--- HOW TO COMPLETE THIS TASK ---
Restate word for word the lines below from the one that has "- Dans son ouvrage" through the one that has "這套系統(tǒng)中整合了", keeping both and dropping all pictures.

--- Stored items ---
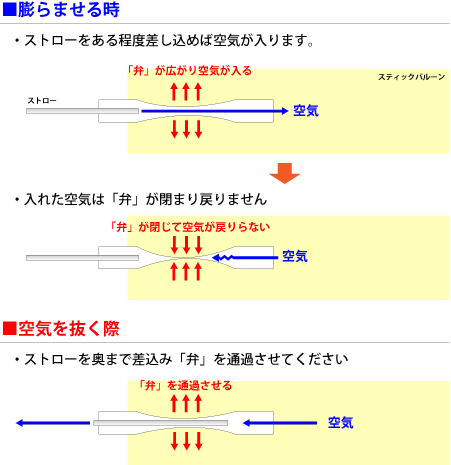 バルーンを膨らました後、差込口からストローを入れましたが空気が抜けません…。 |
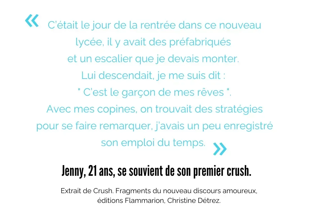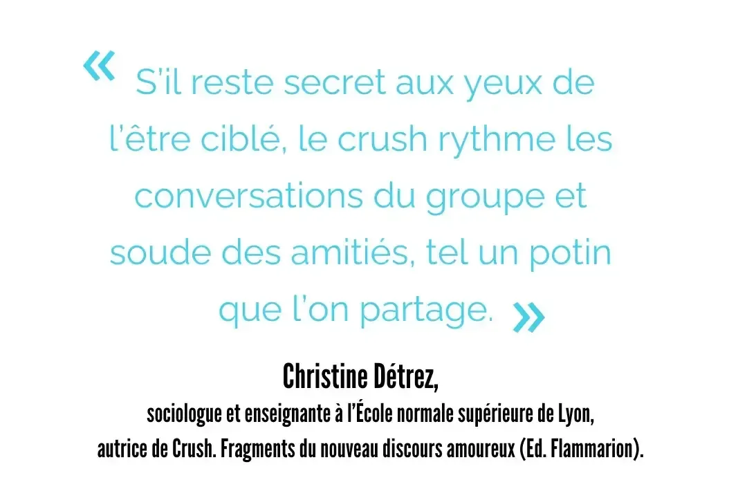 - Dans son ouvrage Crush (éd. Flammarion), la sociologue Christine Détrez étudie comment le terme « crush » a envahi les collèges et lycées cette dernière décennie.
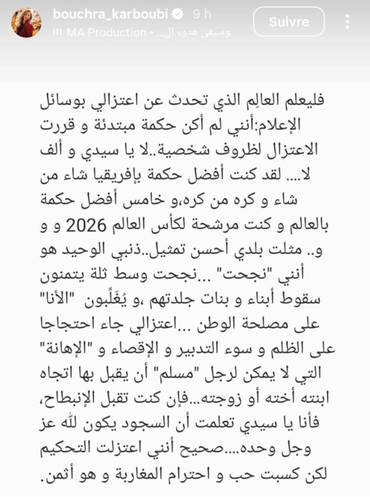 وأكدت المعنية، عبر تدوينة نشرتها في خاصية “ستوري” بحسابها الرسمي على موقع إنستغرام، أن قرار الاعتزال لم يكن نتيجة ظروف شخصية أو ضعف مهني كما روج له بل جاء عن قناعة واحتجاجا على ما وصفته بـالظلم وسوء التدبير والإقصاء والإهانة
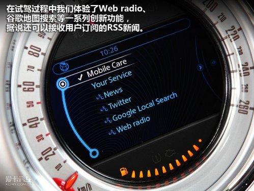 這套系統(tǒng)中整合了GPS導(dǎo)航、音響多媒體、車輛信息設(shè)置等諸多功能,最有特點(diǎn)的是其中MINIConnected這項(xiàng)功能,有了這套系統(tǒng),你可以將自己的蘋果iphone放入中央扶手,并與整套車載系統(tǒng)連接,可以延伸出更多的拓展功能,在試駕過程中我們體驗(yàn)了Web radio、谷歌地圖搜索等一系列創(chuàng)新功能,據(jù)說還可以接收用戶訂閱的RSS新聞。目前這套系統(tǒng)是否會裝備在進(jìn)入國內(nèi)的MINICountryman上我們還不得而知,但相信這種集成式的多媒體系統(tǒng)會是今后的發(fā)展趨勢。
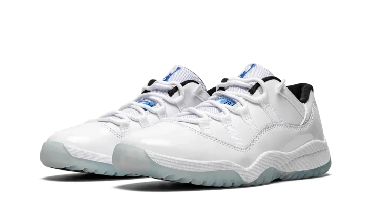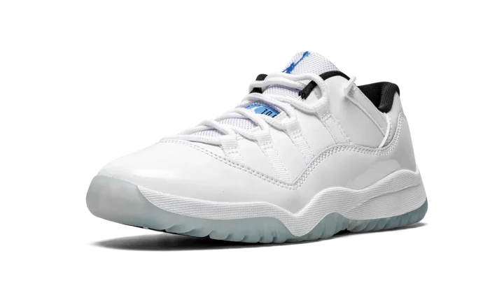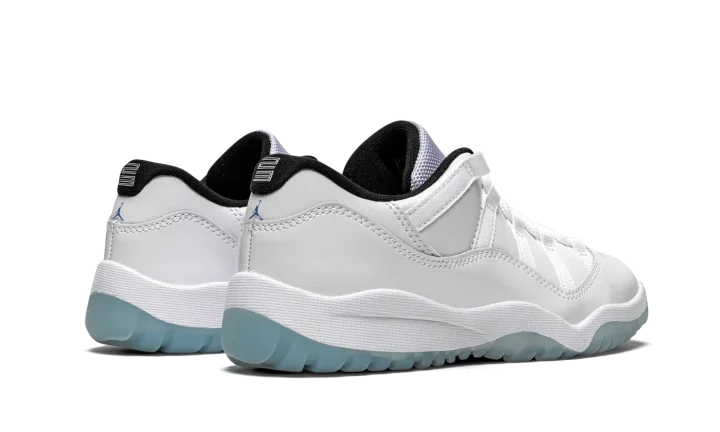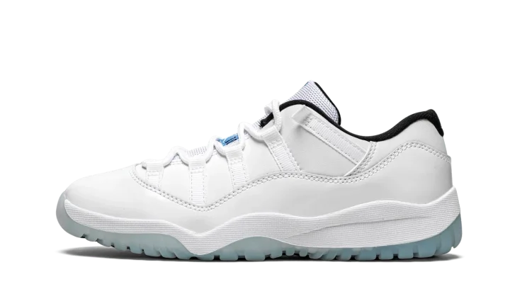 The Jordan 11 Low PS "Legend Blue" is the preschool sizing of the colorway based on an original version of Michael Jordan's eleventh signature shoe. The Air Jordan 11 "Columbia" was released by Nike in 1996 and worn by Michael during the 1996 NBA All-Star Game. Without any official naming by Nike or Jordan, the "Columbia" undoubtedly saluted Michael's alma mater, the North Carolina Tar Heels. In 2014, the "Columbia" was repackaged as the "Legend Blue" and was converted to a low-top on this 2021 release. The "Legend Blue" shares many similarities with the original look. A crisp white leather upper and white patent leather mudguard is on par with the "Columbia." A white mesh tongue with Legend Blue "Jumpman Jordan" branding contrasts the black inner lining. A small blue Jumpman appears on the heel. An icy blue semi-translucent outsole completes the look. Release date: May 7, 2021.
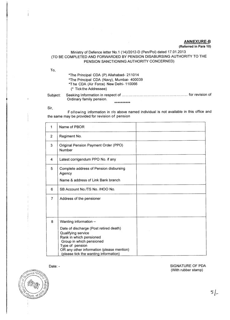 10. The initial Pension Payment Order (PPO) in respect of JCO/OR, its Corrigendum (PPO) indicates rank, group and qualifying service for which the individual has been pensioned. These information are available with PDAs as they have revised pension of all such pensioners in the recent past in terms of Government orders issued on the recommendations of Sixth CPC and Cabinet Secretary Committee (2009). In case, however, any information regarding qualifying service, rank, group etc., is not available with Pension Disbursing Agencies, such cases may be referred to PSAs concerned on the proforma enclosed as Annexure-B. The PSAs will provide the requisite information from the available records.

--- ANSWER TO THE EXERCISE ---
 - Dans son ouvrage Crush (éd. Flammarion), la sociologue Christine Détrez étudie comment le terme « crush » a envahi les collèges et lycées cette dernière décennie.
 وأكدت المعنية، عبر تدوينة نشرتها في خاصية “ستوري” بحسابها الرسمي على موقع إنستغرام، أن قرار الاعتزال لم يكن نتيجة ظروف شخصية أو ضعف مهني كما روج له بل جاء عن قناعة واحتجاجا على ما وصفته بـالظلم وسوء التدبير والإقصاء والإهانة
 這套系統(tǒng)中整合了GPS導(dǎo)航、音響多媒體、車輛信息設(shè)置等諸多功能,最有特點(diǎn)的是其中MINIConnected這項(xiàng)功能,有了這套系統(tǒng),你可以將自己的蘋果iphone放入中央扶手,并與整套車載系統(tǒng)連接,可以延伸出更多的拓展功能,在試駕過程中我們體驗(yàn)了Web radio、谷歌地圖搜索等一系列創(chuàng)新功能,據(jù)說還可以接收用戶訂閱的RSS新聞。目前這套系統(tǒng)是否會裝備在進(jìn)入國內(nèi)的MINICountryman上我們還不得而知,但相信這種集成式的多媒體系統(tǒng)會是今后的發(fā)展趨勢。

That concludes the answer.